Précis: The taxpayer claimed a US $30,000 charitable donation which CRA denied on the basis of absence of donative intent and imposed gross negligence penalties. During discoveries of the taxpayer it appeared that US $30,000 was subsequently deposited in the same account from which the alleged donation was made. The Crown relied upon that evidence at trial and the Tax Court dismissed the taxpayer’s appeal. The taxpayer appealed to the Federal Court of Appeal arguing, in part, that the Crown should have amended it pleadings if it intended to rely upon the US $30,000 deposit to support the disallowance of the alleged gift. The Court of Appeal dismissed the appeal from the bench holding that the deposit was simply evidence of the taxpayer that was relied upon by the Crown to support its assessing position, i.e., absence of donative intent. Costs were awarded to the Crown.
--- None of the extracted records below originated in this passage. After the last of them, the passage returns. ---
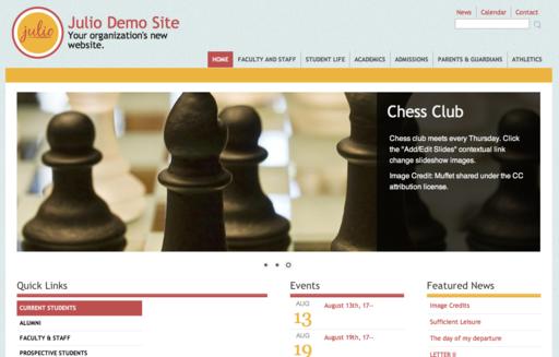 Education — Julio (julio.funnymonkey.com) is a distribution targeted for schools, school districts, small colleges and academic departments within universities. It features calendars, clubs, teams, announcements, departments, staff directories and more.
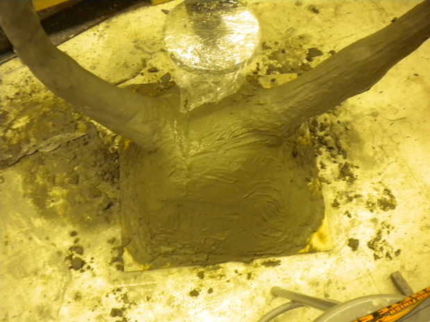 La siguiente capa debe ser de hormigón liso. Después de un poco de investigación, se me ocurrió esta receta: 1 parte de cemento portland 1 parte harina de sílice (en peso). Mezclar completamente seca (no olvide llevar una máscara!) y luego añadir agua como antes, sólo para que el cemento es realizable.
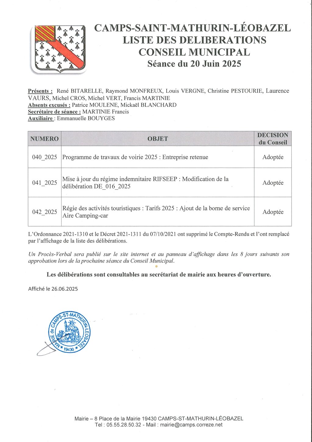 Veuillez trouver ci-joint le Procès-verbal de la séance du Conseil Municipal du 20.06.2025 approuvé lors de sa séance du 19 Septembre 2025.
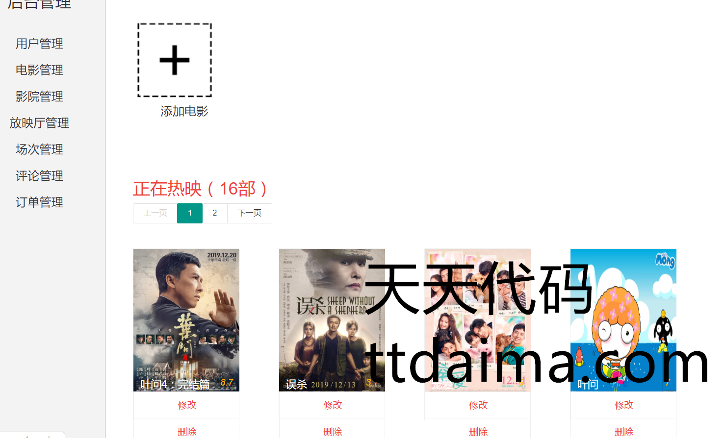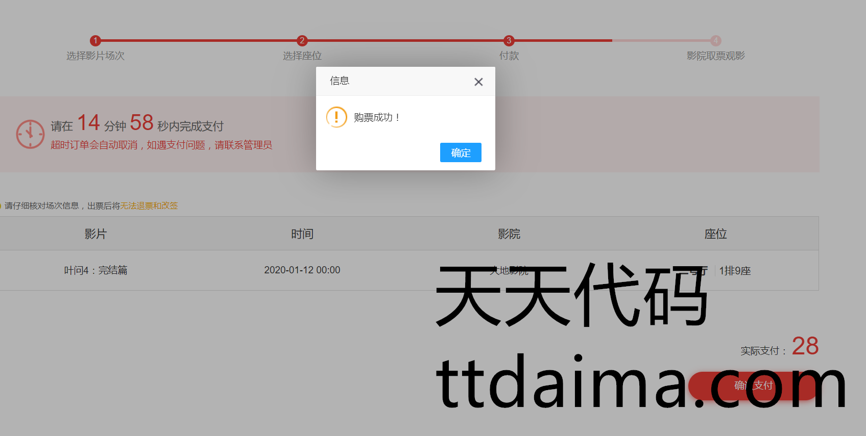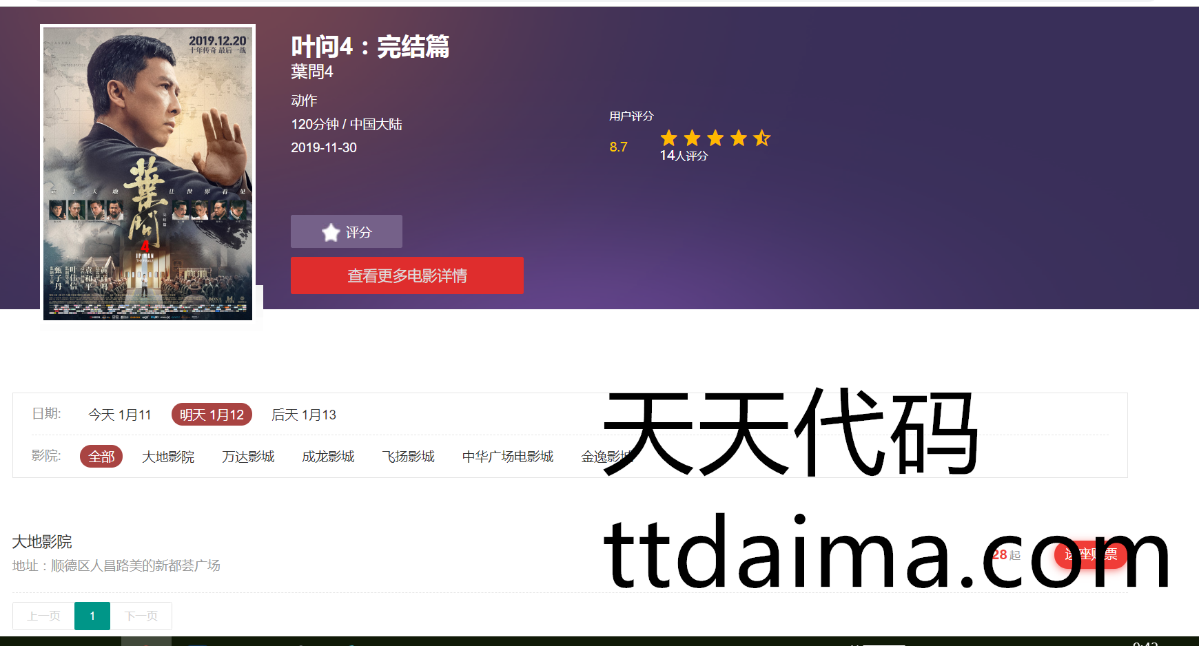 本基于JSP+Servlet+bootstrap开发电影院购票系统由天天代码收集测试整理。
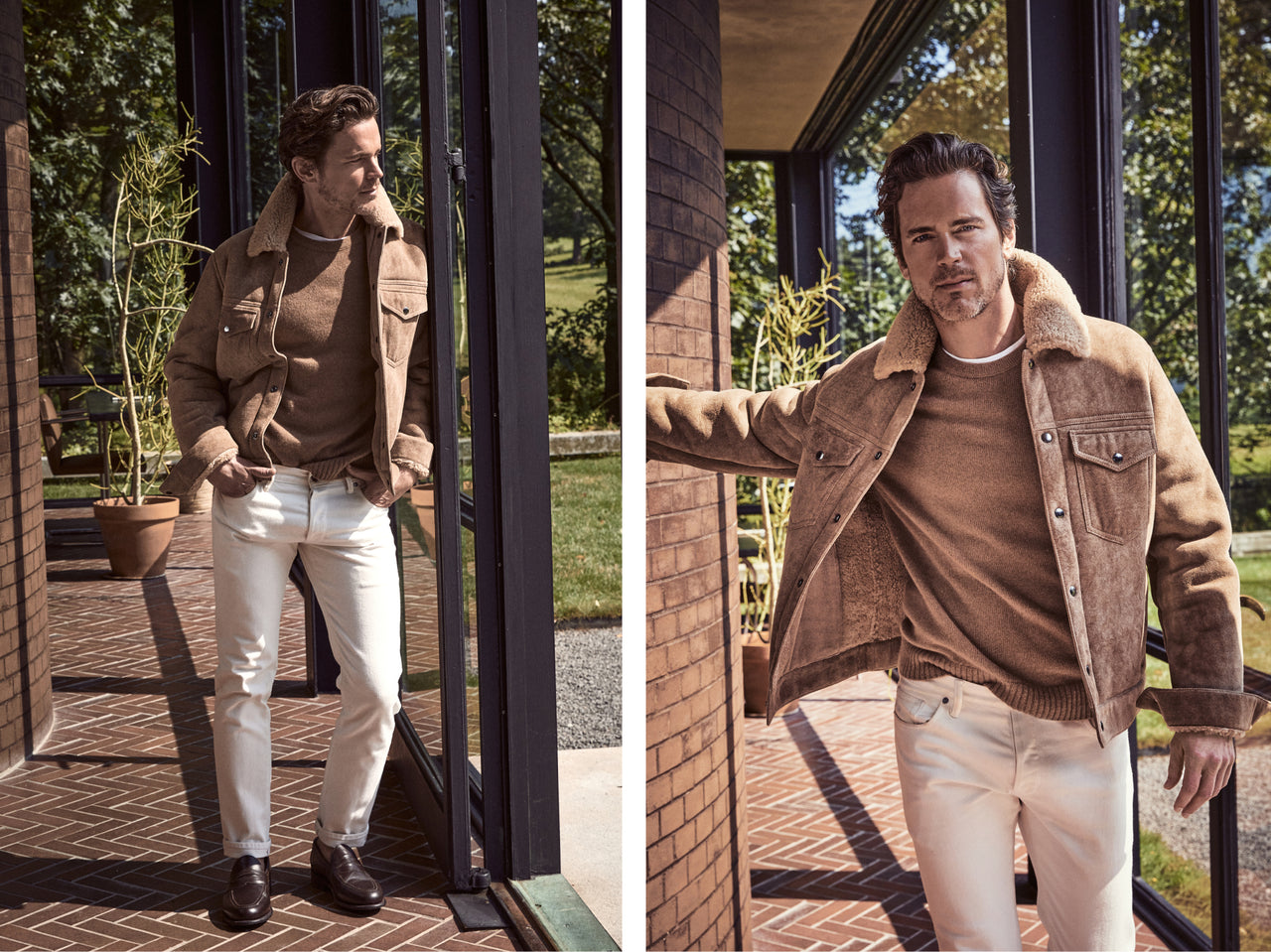 Despite these steamy on-screen moments, off-screen, he’s a low-key family man; he’s been married to power publicist Simon Halls since 2011, and they’re raising three boys in Los Angeles. While the SAG/AFTRA strike prevented him from kissing and telling about his scenes with Messrs. Bailey and Cooper, it seemed a good time to check in with an old friend of the brand.
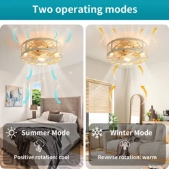 Brighten up your space with this white-rubbed gold metal frame ceiling fan light! This ceiling fan takes a high-quality white metal frame and hand sweeps it with a brush in varying shapes of gold to create a modern, minimalist look. Available in two forms, round and square, with high-grade ABS coated blades done in rubbed gold, with 4*E26 base bulbs (not included), you can emit soft and cozy light, creating a romantic vintage atmosphere and low-key luxury. Designed for year-round comfort, it offers two operating modes – summer mode (forward rotation for cooling airflow) and winter mode (reverse rotation to circulate warm air). The timer function on the remote control can automatically turn off the fan after 1/2/4/8/12 hours. Together with the powerful copper motor, it keeps the ceiling fan light running quickly and noiselessly, circulating fresh air and creating a quiet and comfortable lounge environment.

Decision: The Court of Appeal was not sympathetic to the taxpayer’s arguments:
 In our view, the appellant’s argument confuses a new theory or new set of assumptions with the evidence marshalled to support the Minister’s theory or assumptions. The Deposit was not a new theory or basis of reassessment; rather, it was additional, particularized evidence, in support of the Minister’s overarching theory. The Minister need not amend her pleadings every time an appellant produces new evidence that contradicts his own position. Nor do we accept the distinction that the appellant draws between a return on his investment as opposed to a return of his investment. Both are consistent with the Minister’s pleading that there was no donative intent.
 We would also dismiss the argument that the Minister had the burden to prove the Deposit was, in fact, consideration flowing back to the appellant from Global. A taxpayer challenging an assessment must prove the facts upon which they rely and disprove the Minister’s assumptions related to those facts unless the assumed fact is particularly, or exclusively, within the Minister’s knowledge. Here, the Minister was not privy to the transaction and it would be incorrect to shift the burden to her as the facts underlying that transaction were within the appellant’s knowledge: see Transocean Offshore Ltd. v. Canada, 2005 FCA 104 at para. 35, 332 N.R. 21; Canada v. Anchor Pointe Energy Ltd., 2007 FCA 188 at paras. 35-36,  1 F.C.R. 839.
 Finally, we reject the appellant’s argument that the onus shifted to the Minister on the basis of the appellant’s simple assertion that he had the requisite intent. There was no evidence or explanation from the appellant which, on a prima facie basis, justified shifting the onus to the Minister. To the contrary, the judge found the appellant’s evidence to be inconsistent, unreliable and not to be believed.
As a result the appeal was dismissed from the bench, with costs.